Forearc origin for Coast Range Ophiolites inferred from osmium isotopes and highly siderophile elements

Abstract

The Jurassic Coast Range Ophiolites, California, provide evidence for tectonic processes that formed the western margin of North America. Whether the ophiolites were formed in a mid-ocean ridge, back arc or forearc setting, however, remains unconstrained. To address this issue, a systematic grid sampling approach was taken to examine the mantle section of an archetypal ~161 Ma Coast Range Ophiolite at Point Sal, California. The Point Sal peridotites are serpentinized, with 187Re187Os evidence for a localized Late Miocene alteration event in grids closest to the lowermost bounding fault of the ophiolite.

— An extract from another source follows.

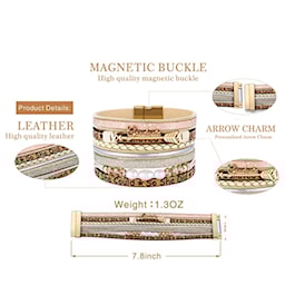 • 7.8" long to fit most people's wrists, the bracelet is made of high-quality leather, and the simple clasp design is lightweight and easy to wear

This event is interpreted to be related to tectonic changes and hydration-dehydration reactions acting on the serpentinites in response to changes in the azimuth and rate of Pacific-North American plate motion. Alteration and serpentinization have not systematically affected highly siderophile element (HSE) abundances, especially Os, Ir or Ru which, together with rare earth element abundances, record significant melt depletion (>20%) of a fertile mantle protolith (187Os/188Os = ~0.129) during ophiolite formation. Peridotites subsequently experienced localized and heterogenous addition of Re, Pt, Pd and radiogenic 187Os/188Os from Cl-rich, oxidized (QFM) fluids. Geochemical features of both Point Sal peridotites, as well as associated basaltic lavas, are consistent with high degrees of partial melting and variable addition of fluids as also observed in global forearc peridotites. A forearc origin for the Point Sal Ophiolite Complex supports models for the dominant formation process of 153–166 Ma Coast Range Ophiolite infant Arc crust terranes within a single westward facing arc along the Sierra continental-margin.